TFC30900 - Childcare accounts: refunds of payments from childcare accounts

Childcare Payments Act 2014, sections 23 (1) to (3) and section 40 (3)

If a payment is made from a childcare account and the whole or part of that payment becomes repayable to the account holder, the repayable amount must be repaid into the childcare account. This is because any refund will contain a top-up element which needs to be spent on qualifying childcare or returned to HMRC.

If a childcare provider repays such funds direct to the parent, they are liable for the top up (See TFC50800 – Other cases)

Example 1

Donald makes an advance payment of £1,000 to a nursery from his childcare account. The nursery cannot provide all the childcare he wants, and they refund the account provider with £500. As per the calculation in section 21, this will consist of a qualifying payment of £400 and a top-up element of £100. The refund must be returned to the childcare account, but because of section 19(1)(b) it will not attract a further top-up payment.
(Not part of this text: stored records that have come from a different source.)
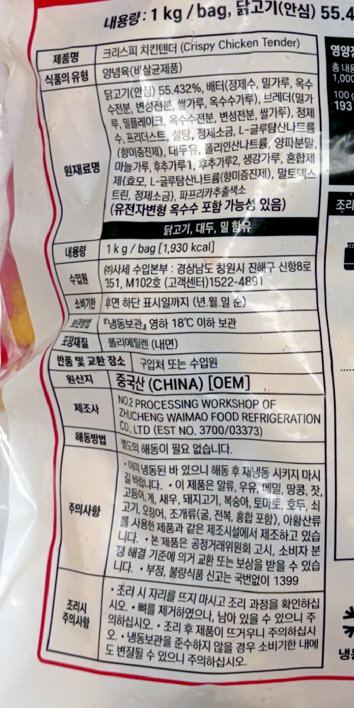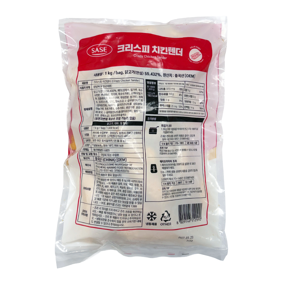 | 제품명 | 크리스피 치킨텐더 1kg/사세 |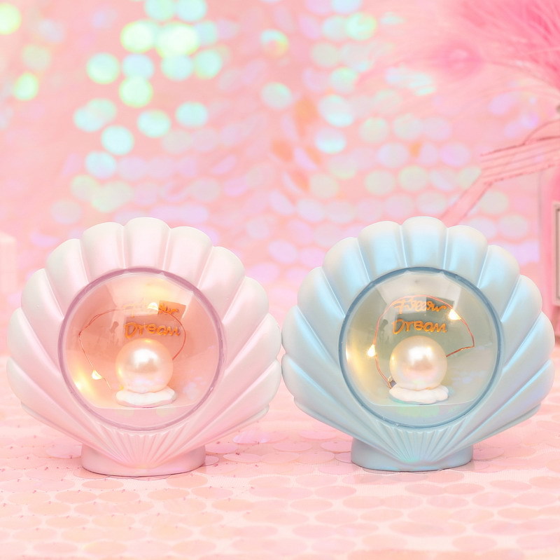 外贸专供珠光贝壳珍珠少女心星星灯小夜灯房间装饰工艺品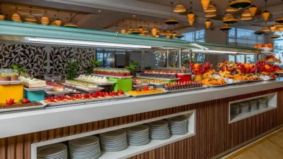 - Предлага закуска, обяд и вечеря с разнообразие от международна и местна кухня. Тематични вечери се организират редовно.
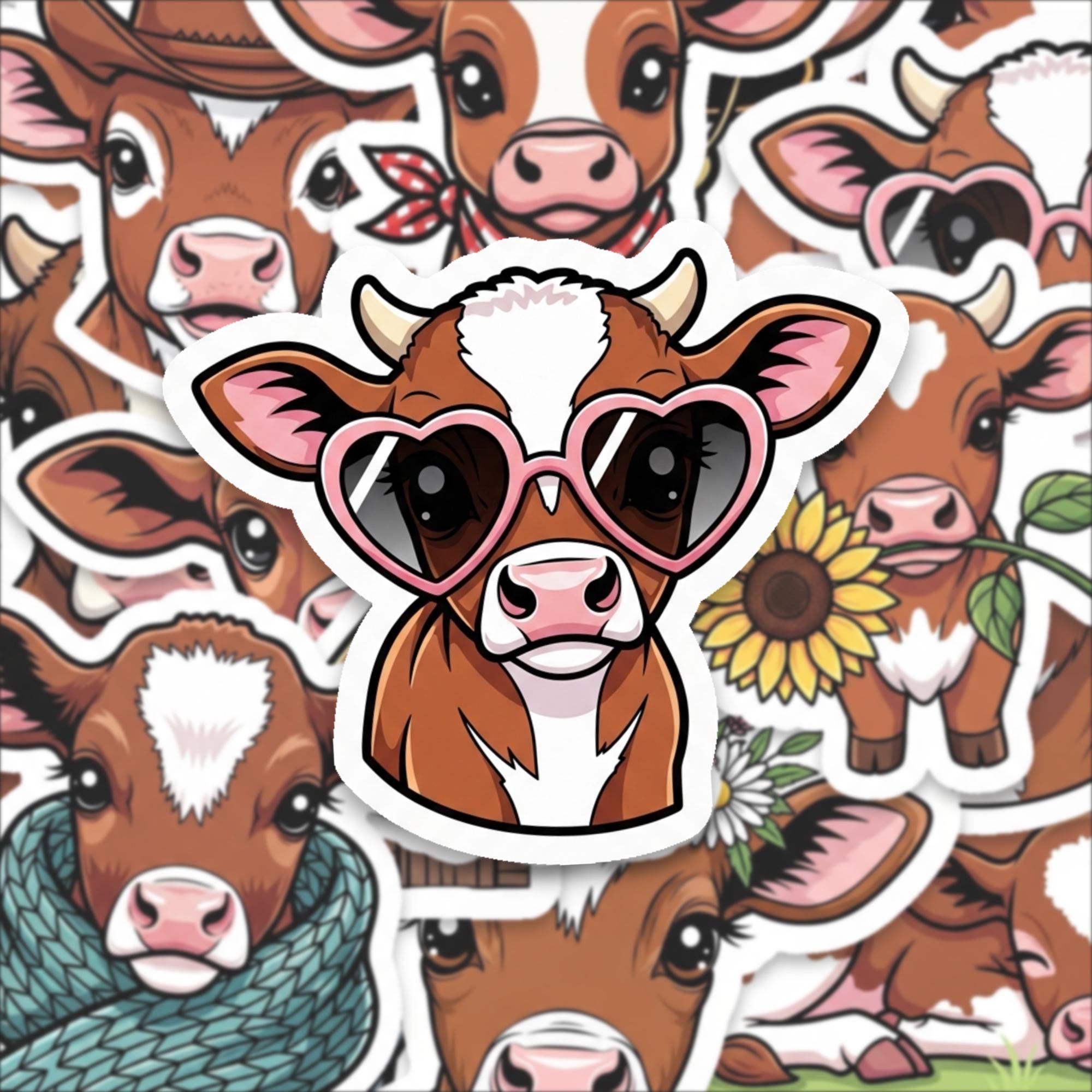 Bring personality to your everyday essentials with this cute cow sticker pack, designed to turn simple surfaces into joyful, expressive spaces. Each glossy vinyl decal captures adorable kawaii-style cows in playful outfits and charming moods—perfect for adding warmth, humor, and individuality to your world.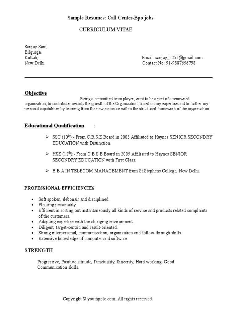 Sample Of Call Center Resume
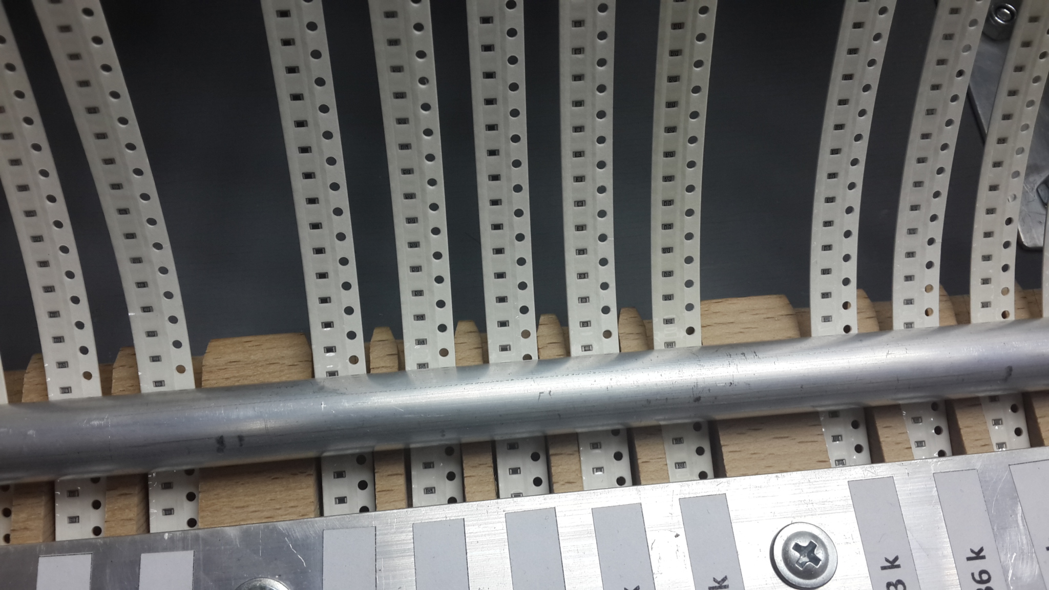 А это сделал недавно для своего монтажника стойку для катушек с SMD. Фанера 4 мм, чуть-чуть аллюминия из строительного супермаркета и небольшой буковый брусок для направляющих.

Once this amount has been returned to the account, Donald will be able either to spend the £500 on qualifying childcare or to withdraw his original £400 qualifying payment, in which case the £100 of top-up will be returned to HMRC.

Where a repayment is made partly of money from a childcare account and partly of money which is not from the childcare account, any part of the repayment which is more than the amount that is not from the childcare account must be put into the childcare account.

Example 2

Misbah owes her childcare provider £1,000. As she only has £700 in her childcare account, she pays the remaining £300 from her bank account. However, the childcare provider subsequently refunds £500 which is treated as consisting of £300 from the bank account and £200 from the childcare account. Misbah must repay the £200 into her childcare account and will not attract a top-up payment.

In cases where the childcare account has been closed before the repayment can be made into it, the childcare provider must pay the repayment to the account provider. The account provider must then return the top up element to HMRC and pay the remainder to the person that held the account. This prevents Government money being in the hands of an account holder with no compulsion to spend it on childcare. If the entire amount of money is deposited back into the childcare account, the account holder can withdraw the element they deposited as a normal withdrawal.